The Conversion Agenda

"Freedom to convert" is counterproductive as a generalized doctrine. It fails to come to terms with the complex interrelationships between self and society that make the concept of individual choice meaningful. Hence, religious conversion undermines, and in extremes would dissolve, that individual autonomy and human freedom.

Thursday, March 10, 2005

Tsunami aid about relief, not religion

Tsunami aid about relief, not religion

Wednesday, March 9, 2005


When asked why God let the tsunamis happen to Southern Asia, the Rev. Kugan Rajadurai didn't hesitate.

"It was a sign," he said, "that these are the last days. You must prepare yourself to meet Jesus Christ. Repent for your sins."

Standing on the beach at Batticaloa, the pastor voiced what some evangelical Christians believe about the Dec. 26 disaster: that their God had issued a wake-up call to predominantly Buddhist Sri Lanka, Hindu India and Muslim Indonesia.

To those who believe in religious freedoms, that's an alarming statement, considering how many Christian relief organizations have flocked to Southern Asia recently. They would seem bent on evangelism, and there have been isolated reports of Christians distributing tracts in tsunami-affected areas.

But when 13 medics and engineers affiliated with Faith International, a Tacoma children's aid agency, traveled to Sri Lanka in late January, a different story unfolded.

"There's a lot of anti-Western, anti-Christian feeling," warned Mohan Seevaratnam, a doctor based in Colombo, Sri Lanka, during his initial meeting with the Faith team. "Deeds, rather than words," he said, would carry Christian relief workers further.

For the next seven days, that proved true. In rented vans, the Faith team crisscrossed this "teardrop of India," engineers installed water-purification systems at orphanages and physicians -- David Ricker and Greg Rurik from Gig Harbor and Maggie Hood from Tacoma -- cared for hundreds of patients in refugee camps.

The team's itinerary had been mapped out by Therese Koelmeyer, a Tacoma native who moved to Sri Lanka 19 years ago to work with a small Christian charity group, the Community Concern Society. In 1989, Koelmeyer and CCS opened the Lotus Buds home for abused and neglected children in Colombo, and today she and her husband, the Rev. Roger Koelmeyer, care for 22 kids there in addition to their three own children.

After the tsunamis, the Koelmeyers discovered a refugee camp jammed with survivors from one of Colombo's beachside slums. The waves had taken every scrap of a community of 1,500 families.

The Koelmeyers and the members of their church, the Gospel Tabernacle of Colombo, plan to relocate the homeless families to land donated by the Sri Lankan government. And if the government doesn't come through with a parcel of property by spring, Therese said they will raise money to buy their own land.

"This is our enormous task," she said, adding, "We do what we do because we love Jesus. But we help absolutely everybody: Buddhists, Hindus, Muslims, everybody."

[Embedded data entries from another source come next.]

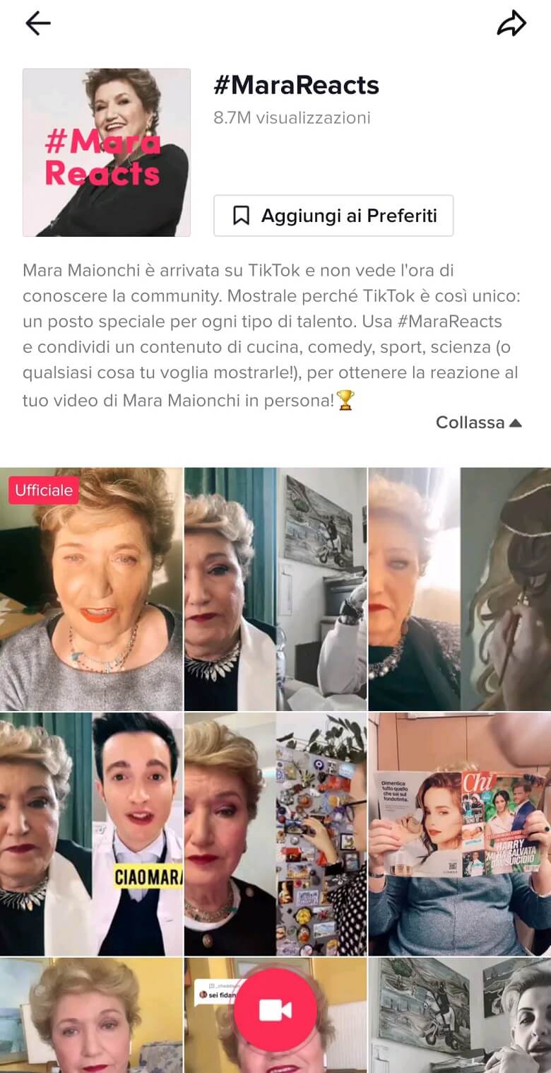 Per ribadire, le challenge più diffuse e le sfide sponsorizzate si trovano facilmente nella sezione Scopri. Esse sono sempre associate a un hashtag e, talvolta, a un brano musicale e rappresentano un invito rivolto alla community a lanciare un messaggio, esprimendosi in modo creativo, in particolar modo attraverso il ballo e il canto. Per avere un’idea della portata di diffusione delle challenge, basta constatare che gli hashtag #curvyEbello e #LeCoseCheNonSai attualmente registrano 7,4 milioni e 37,2 milioni di occorrenze.
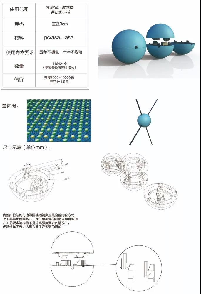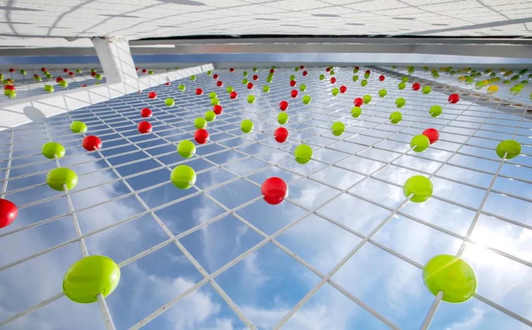 球體所附屬的網狀構筑物與建筑立面呈四十五度夾角關系,既不對教室的光亮造成影響,在視覺層面上又會呈現色彩的交織、融合、疊加、分解的動態視覺感受,使人在空間運動過程中感受色彩的變化流動。這些球體相互連接又相互不同,好比全球互聯下的今天人們交織鏈接在一起。
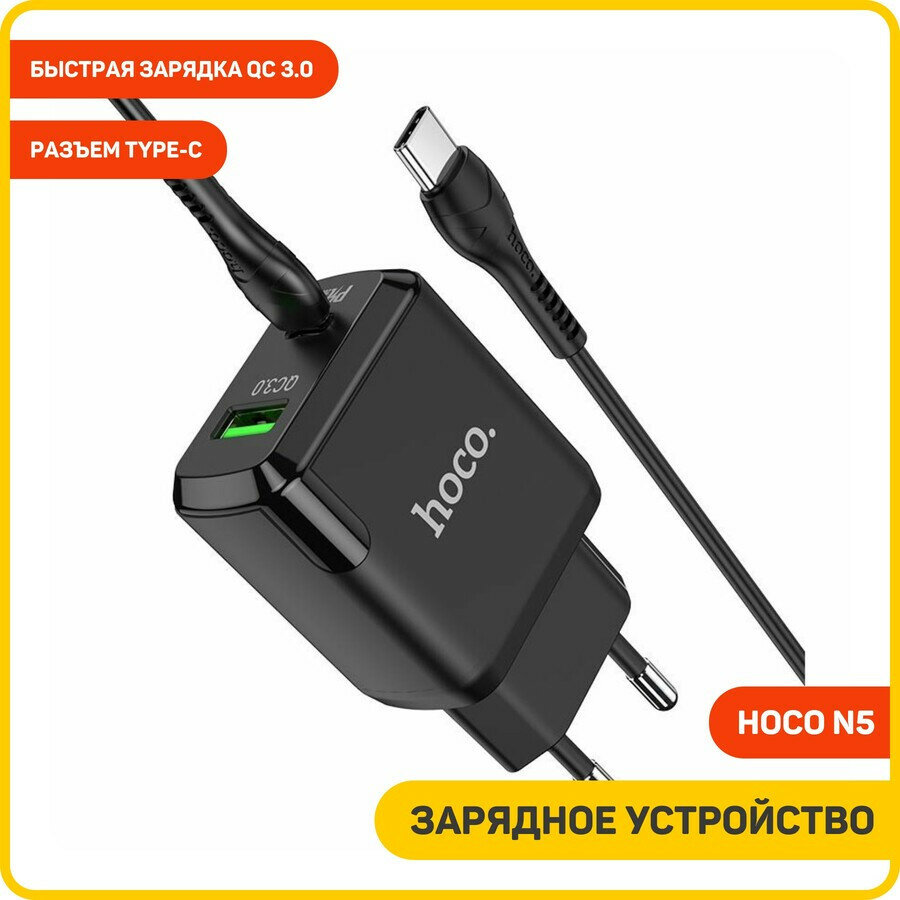 Сетевое зарядное устройство (СЗУ) Hoco N5 (USB/Type-C) + кабель Type-C-Type-C, 3 А, черный информация:

As it turned out, the people on the Faith International relief team weren't uniformly Christian. A pharmacist from Harborview Medical Center, Allison Miller, is Jewish. She had never been inside a church before entering the Gospel Tabernacle. Bud Whitaker, a city engineer from Gig Harbor, was raised Catholic and is now a practicing Buddhist. Ricker is a devout Christian, as is Kerry Eby, a Harborview emergency room doctor who was also on the Faith team.

But the trip was about relief, not religion. Rurik, the pediatrician who treated scores of children during long, hot days on Sri Lanka's eastern and southern shores, never mentioned his church affiliation (if he had any). He did, however, sum up the point of Faith's mission.

"Our biggest impact," Rurik said, "isn't going to be with the medicine. It's making the connection" that aids the healing process. "There's a lot to that one-on-one interaction, knowing that someone cares and is interested in them, just as individuals. With no real agenda, just, 'We're here, we care about you.' "

Some of us have the luxury of sitting around, discussing which God, if any, sent the tsunami. Others just got busy. Roger Koelmeyer, addressing his Gospel Tabernacle congregation three Sundays after the disaster, hailed what he called the "flood" of relief workers who came in the tsunami's wake. Donors and relief workers, local and international, have pooled their resources to help, and "people are working across ethnic lines, across religious lines," he said.

With rebuilding under way, Christian organizations such as the Community Concern Society, World Vision and Catholic Relief Services continue to be driving forces. They have set the best possible example, letting their "deeds, not words," as Seevaratnam urged, speak for their faith. These relief workers understand they can talk a lot about who's going to heaven but their on-the-ground work means more. They also understand that in South Asia and around the world, a non-evangelical work ethic is called for, to promote peace in a diverse society.